# Bulking pics May 06.



## robdog (Dec 2, 2003)

New bulking pics guys coments welcome, good or bad.

Im about 18 stone but alot leaner than perviously when ive been at this weight and nest to no water bloat.


----------



## robdog (Dec 2, 2003)

Another


----------



## robdog (Dec 2, 2003)

Last one


----------



## Captain Hero (Jun 13, 2004)

fantastic Robdog, you look different to your other pics mate lol maybe cos your actually smiling this time? Good going! You entering a comp any time soon?


----------



## robdog (Dec 2, 2003)

Chers Cap. I may do a show next year i need to add size to my legs first plus try and get rid of this saggin skin i have all over my body form when i was a porker

Tummy tuck here we come.


----------



## player2301 (Feb 14, 2005)

not too bad youll be catchin me up soon lol....:tongue10:


----------



## BIG-UNC (Feb 27, 2006)

fcuk me mate looking fcuking huuuuuuuuuuuuuuggggge

well done big man rep on its way for effort


----------



## Tatyana (Jan 29, 2006)

Looking good Robdog!

The skin takes sooooooooooooooooooooooooooooooooooooooo much longer to catch up!

And bodybuilding saves another body! JOY!

x

x

x

T

Personally I don't think we can really tell what you look like unless you pose in your pants. Just my opinion though. SMILES


----------



## robdog (Dec 2, 2003)

Cheers guys.

T one day i may pose in my pants but i need to put some size on my legs first lol


----------



## John (Jun 5, 2004)

getting better all the time, good effort mate.


----------



## romeo69 (Sep 7, 2005)

Looking gd mate, it's coming on now.


----------



## Lee1436114491 (Jun 6, 2004)

Coming along well Robdog, i have a similar problem to you where i have lost weight to quickly and have excess skin around the bottom of my stomach.


----------



## tank2005 (Apr 1, 2006)

lookin thick mate ,looks realy good ,what about a cutting diet to get the lean look i think you would look realy good if you were cut[not sayin you dont look good now lol]whats your b/f and have you done any cycles?


----------



## John (Jun 5, 2004)

tank2005 said:


> lookin thick mate ,looks realy good ,what about a cutting diet to get the lean look i think you would look realy good if you were cut[not sayin you dont look good now lol]whats your b/f and have you done any cycles?
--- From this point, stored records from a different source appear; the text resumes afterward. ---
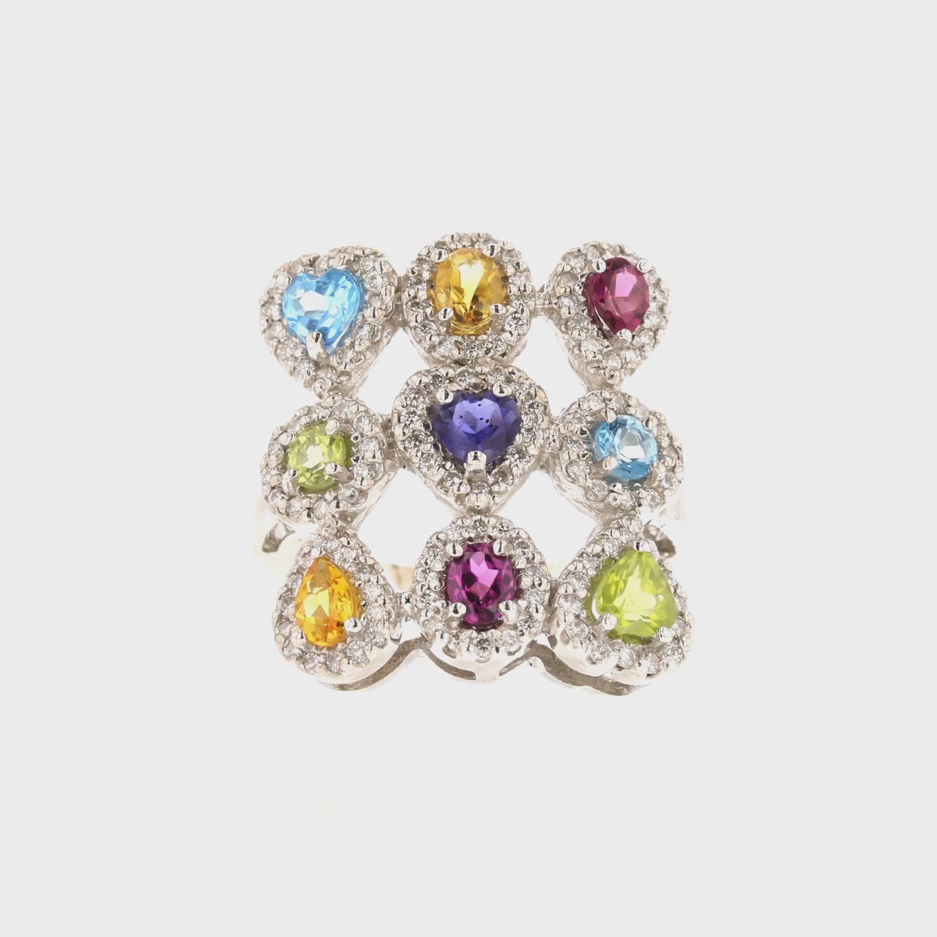Description: This beautiful ring features an array of different stones set in 14K White Gold . The ring has a total weight of 9.3 grams and is available in size 6.75. With an item code of 889109, this elegant ring is perfect for any occasion.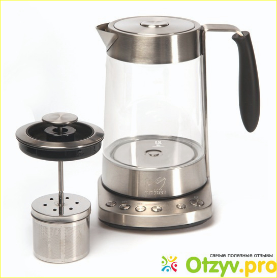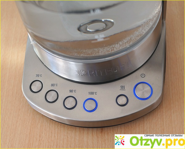 Наверное всем известен тот факт, что чай заваривает зависимо от температуры, один чай заваривается кипятком в 100 градусов, другой меньше, так и кофе. Некоторые сорта чая следует заваривать при определенной температуре, именно для этого на чайнике присутствует специальная панель управления. Она встроена в подставку к чайнику, на ней присутствует всего лишь 6 кнопок сенсорного типа. Основная – это включение нагрева воды и выключение. Затем идет целая интеллектуальная система подогрева – это кнопки подогрева воды до определенной температуры, что позволяет правильно заваривать любые сорта чая, или добиваться определенной необходимой температуры воды для приготовления различных блюд.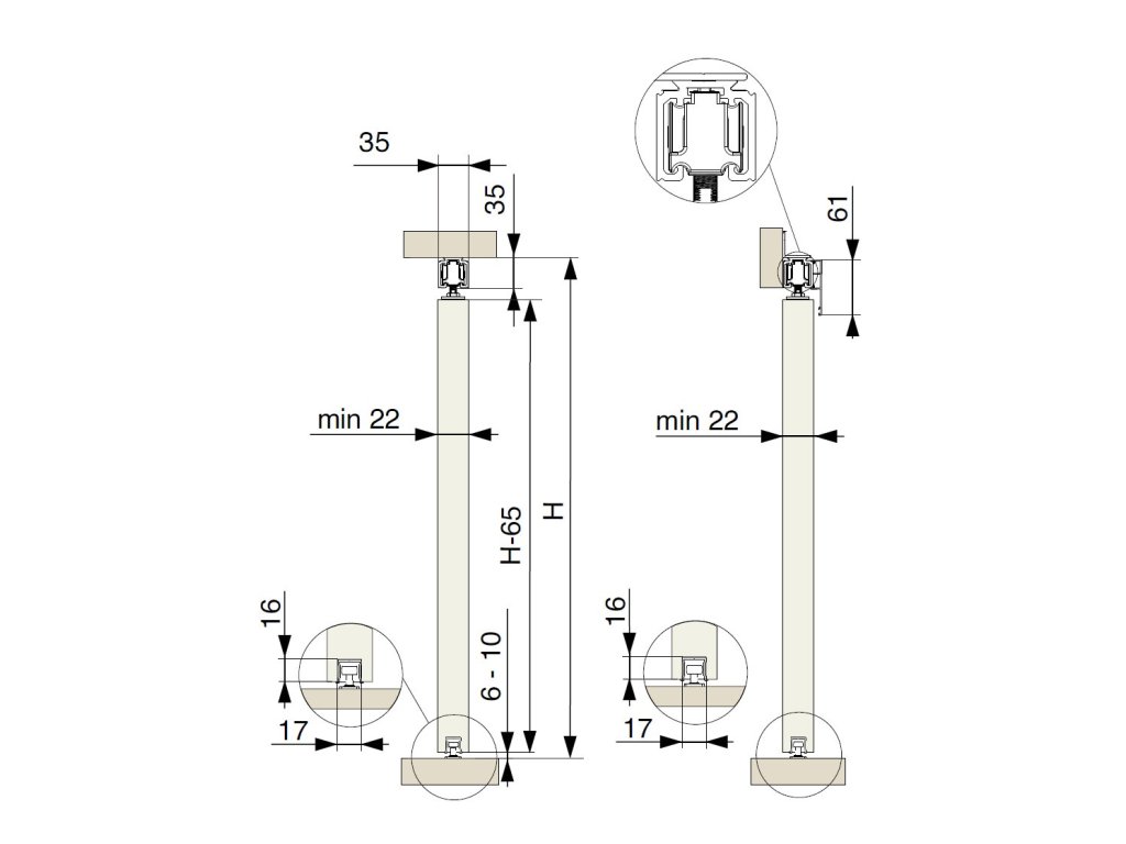 V případě montáže horní kolejnice na zeď, je nutné doobjednat boční držáky, nebo profil pro montáž na zeď a kryt profilu pro montáž na zeď černý.

rob has done a few courses mate, hes done great from where he started. He is omeone we can all look to for inspiration, and hes a damn nice chap as well, he wouldnt buy you a pint though .


----------



## Aftershock (Jan 28, 2004)

Yeah as always mate you just keep getting betta.. More size and lower bodyfat cant ask for more that that! Happy Days 

What u shoulld do now is dig out that porker pic of you on the beach and put it side by side with one of the recient ones.


----------



## John (Jun 5, 2004)

just for the new members to see where you were when you started.


----------



## Magic Torch (May 30, 2005)

Well done rob, fantastic effort and great progress from your last pics. Your really getting to the 'v' shape now buddy and your traps are looking huge, your back is prob still your best body part - great lats.

Also your still quite lean have you changed you bulking diet?

Keep it up big man


----------



## Mr H (Nov 14, 2005)

Great progress Robdog! keep up the good work.


----------



## Great White (Apr 4, 2003)

Looking Great Rob!

I still have the "Before" pictures of you, seen you change so much over the past three years+

Well done mate, looking real lean upto now and solid too!

I wouldnt wanna meet you in a dark alley anyway, and im super rock 'ard anyway! 

Here is the starting pic...


----------



## BIG-UNC (Feb 27, 2006)

fcuk me mate didnt realise you were ever like that even more respect to you mate


----------



## RAIKEY (Jun 30, 2005)

yeah Rob, as aftershock says , put up the old pics too ,

the improvements along back chest shoulders and traps are really noticible now, (18 stone!! fcuk me)

a show would be a nice next move mate, and if you set the date , the legs will become a "project" .....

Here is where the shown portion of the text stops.